In exchange for this service, the Academic shall receive US$100,000, of which half shall be paid in advance, and half upon receipt of contracted service. In lieu of cash transfer, a greater market value in cars and real estate assets will be considered.

2) Sample Contract for the Service “‘Open Borders’: Curing the Welfare State & Racist Working Class” Article/Essay/Chapter

We the undersigned Academic and Intermediary do hereby contract for the Academic to pen an article or essay, receivable by Intermediary within one month, in which Academic shall argue that The Racist Problem to Be Eradicated in the US is Borders (AKA Society, Citizenship, and the Remnant Welfare State).

This article shall:

a) Randomly list some of the legal, carceral, and policing injustices visited upon American hemisphere working class immigrants to the United States, just enough to plausibly recall a Left posture, and connect these injustices to Borders and native working class & smallholder savagery;

b) Meanwhile avoid or dismiss any systematic discussion of unfree labour, global labor arbitrage and social reproduction effects within capitalism, semi-regulated mass migration’s contribution to union decline, or impacts on low-wage labor.

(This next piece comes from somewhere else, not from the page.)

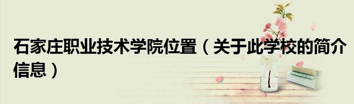 2、石家莊職業(yè)技術(shù)學(xué)院位于河北省石家莊市,創(chuàng)建于1984年。是河北省人民政府舉辦的公辦全日制普通高校。入選全國建筑業(yè)技能人才培養(yǎng)工程、第二批全國現(xiàn)代學(xué)徒制試點(diǎn)單位、河北省示范性高職院校。

c) En passant, this article may mention why Latin Americans were uprooted from their homes, but this military intervention should in no way be linked systematically to the US’s global political-economic role and labor’s relationship to that; rather the mobilization must be breezily implied to be caused by Borders and White Smallholders.

d) It should be left assumed that uprooting is on balance a positive outcome for a racialized ontological category, the Immigrant. Logic: After all, how can the Immigrant exist, if citizens aren’t disrupted? You’re welcome, Immigrants! We are your saviours. Anti-racism.

e) Vigorously assert that mass semi-regulated immigration has but positive economic effect in the US;

f) Deploy phrase “work that Americans won’t take,” as if that’s not blatantly an employer framing denying all Marxist social reproduction analysis.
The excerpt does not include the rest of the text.